The worker sustained injury to their left lower back on November 28, 1996 and made a claim to the WCB, which was accepted in relation to the diagnosis of discogenic back pain with nerve root effect and left L5 facet mechanical pain in an environment of pre-existing degenerative changes. The worker received various conservative treatment, including extensive physiotherapy and permanent restrictions were imposed. The worker received wage loss benefits from the WCB until they reached the age of 65 in 2007.

On August 30, 2016, the WCB received a physiotherapy initial assessment report in which the physiotherapist noted the worker was experiencing lower back pain and requested approval for further treatment. The WCB approved 12 sessions to help with the worker’s reported difficulties. The Physiotherapy Discharge report received on January 23, 2017 noted the worker reported no leg pain and improved lower back pain.

On March 14, 2018, a further physiotherapy initial assessment report was received, requesting 12 sessions as the worker was experiencing a flare-up of their symptoms, including tightness in their lower back that limited their movement.
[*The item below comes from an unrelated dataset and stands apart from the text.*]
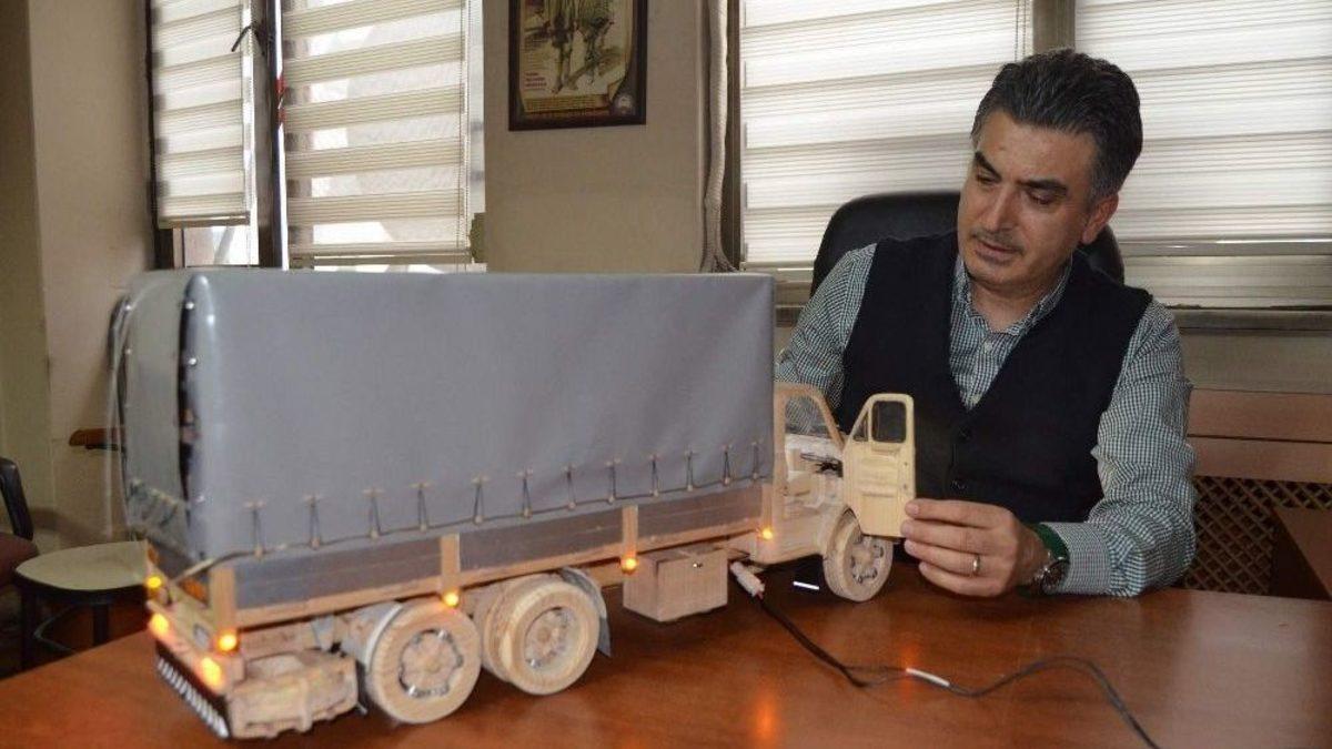 Trabzon’da yaşayan Rahmi Aydurmuş, babasının hatıralarını atık çöplerden yaptığı maket kamyonda yaşatıyor.Trabzon’da 1975 yılında satın aldığı kamyonetle İran’a transit taşımacılık yapan Nihat Aydurmuş, Irak-İran savaşı çıktıktan sonra yurt içinde çalışmaya devam etti. Kamyonetini evladı gibi seven Aydurmuş, bir süre sonra hastalanınca kamyonetini satmak zorunda kaldı. Ankara’dan gelen bir vatandaşa kamyoneti satan Aydurmuş, rüyalarında kamyonetini görmeye başladı. Son bir kez kamyonetini görmek isteyen Aydurmuş, bir gün komşusunun evine gelerek ’Aşağıda bir kamyonet var, sizin kamyonete benziyor’ demesiyle 2 yıl sonra tekrar kamyonetini gördü. Evinde ailesiyle birlikte geçirdiği zamanlarda da hep kamyonetinden bahseden Aydurmuş, hastalığının ilerlemesiyle hayatını kaybetti. Oğlu Rahmi Aydurmuş, babasının hatırasını yaşatmak için aynı model bir maket kamyon almak istedi. İnternette 12 bin liraya maket kamyonetler bulan Rahmi Aydurmuş, kendi maket kamyonunu yapmaya karar verdi. Kimseden yardım almadan ve çivi kullanmadan aynı model kamyoneti yapmaya başlayan Aydurmuş, çocuklarının oyuncaklarından da yararlandı. 8 ayın sonunda kamyonetin orijinal ile birebir aynısını yapan Aydurmuş, maketi ahşap ve atık çöplerden yaptığını söyledi.Babasının kamyonu sattıktan sonra çok üzüldüğünü, bu üzüntüsü yüzünden hastalanıp kısa bir süre sonra da hayatını kaybettiğini belirten Rahmi Aydurmuş, babasının kamyonunu evladı gibi sevdiğini ve onunda adeta konuştuğunu belirtti. Evdeki sohbetlerde hep kamyon konuşulduğunu ve babasının kamyonu sattıktan sonra üzüntüsünden zaman zaman ağladığına şahit olduğunu belirten Aydurmuş, babasının kamyonuna inanılmaz bir sevgisi olduğunu ifade ederek, “Babam, 1975 yılında satın aldığı kamyonla Trabzon’dan İran’a transit taşımacılığa başladı. 2002 yılına kadar kamyonuyla taşımacılık yaptı. Kamyon, evimizin ekmek teknesi olmuştu. Evimizdeki sohbetlerimiz hep kamyon üzerineydi. Babam evde İran’a gidiş gelişlerinden arabanın parçalarına kadar hep kamyonu konuşurdu. 1987 yılında İran-Irak savaşı nedeniyle babam İran’a taşımacılık işini bıraktı. O tarihten sonra yurt içinde çalışmaya başladı. 2006 yılına kadar çalışmaya devam etti. Ancak 2002 yılında hastalandığında biz de kendisinden arabayı satmasını istedik. Daha sonra arabayı Ankaralı bir kişiye cüzi bir miktara sattı. Kamyonu satmasının ardından aşırı üzüntüye kapıldı. Üzüntüden ellerinde beyaz lekeler çıkmaya başladı. Doktora getirdik, doktor bize bu adama ne oldu böyle dedi. Biz de kendisine bir arabası vardı, onu sattıktan sonra böyle oldu dedik. Hastalandı, çalışamaz vaziyette olduğu için arabayı sattırdık dedik. Babam ciddi üzüntüler yaşadı. Birebir ağladığını gördüm. Nedenini sorunca arabasız kaldım, arabamı çok seviyordum diyordu. Babam bu arabayı evladı gibi seviyordu. Arabayla adeta konuşuyordu” dedi."Kamyonu sattıktan 2 yıl sonra gördü, hıçkıra hıçkıra ağladı"Sattıkları kamyonun tesadüfen oturdukları binaya eşya almak için geldiğini, kamyonu gören babasının hıçkıra hıçkıra ağladığını ifade eden Aydurmuş, “Aradan 2 yıl geçtikten sonra bir komşumuz bize ’Altta bir araba var, sizin arabaya çok benziyor’ dedi. Bunun üzerine babam hemen aşağıya inip baktığında gerçekten sattığı araba kapıda duruyor. Araba 06 plakalı idi ancak bizim arabaydı. Bende o sıra evdeydim, ağlama sesine uyandım, neler oluyor diye aşağı indiğimde baktım ki bizim araba. Yani sattığımız araba babamın üzüntüsüne dayanamayıp evin önüne geldi. Babam arabasını son kez gördükten sonra 6-7 ay sonra da vefat ediyor” şeklinde konuştu."Anısını yaşatmak için maketini yapmaya karar verdim"Babasının uzun yıllar emek verdiği kamyonun anısını yaşatmak için maketini yapmaya karar verdiğini anlatan Aydurmuş, malzemeleri de atık çöplerden kullandığını belirterek, “Babam arkadaşları arasında da sevilen bir sima idi. Bu arabayı araştırarak maketini yapmaya karar verdim. Maketinin bir benzerini internetten buldum, almak istediğimde çok uçuk bir fiyat söylediler kabul etmedim. Elimden bu tür şeyler gelince kendim yapmaya karar verdim. Yaklaşık 8 aylık sürede hiçbir yardım almadan bu hale getirdim. Malzeme olarak limon kasaları, alüminyum parçaları, kürdan, iğne şırıngası, kullanılmayan tava, kola tenekelerinin arka yüzünü kullandım. Hiç çivi kullanmadan tutkalla yaptım. Parayla aldığım malzeme pek olmadı. Hepsini atık çöpten yaptım. İnternetten 12 bin TL’ye bulduğum maket arabadan daha iyi olduğunu düşünüyorum. Keşke babam sağ olsaydı da bunu görebilseydi ama olmadı. Bu bizim hikayemizdi, anımızdı. Babamın kullandığı kamyonda ne varsa paspaslarına varıncaya kadar aynısını birebir yapmaya çalıştım. Tamamen orijinalinin birebirini yaptım. Çevremden, arkadaşlarımdan çok güzel tepkiler aldım. Çocuklarıma dedelerinin bir hatırası olarak saklayacağım. Bize göre bu maketin manevi değeri çok büyük. Satmayı hiç düşünmüyorum” ifadelerini kullandı.

At the request of the WCB, a WCB physiotherapy advisor reviewed the worker’s file on March 15, 2018 and provided an opinion on March 27, 2018 that, given the worker’s accepted diagnosis, they would experience waxing and waning of their symptoms and further in-clinic physiotherapy treatment was unlikely to help the natural history of recovery. The WCB approved 8 additional sessions. In the May 7, 2018 discharge report, the physiotherapist noted the worker continued to experience some pain, but their range of motion had improved.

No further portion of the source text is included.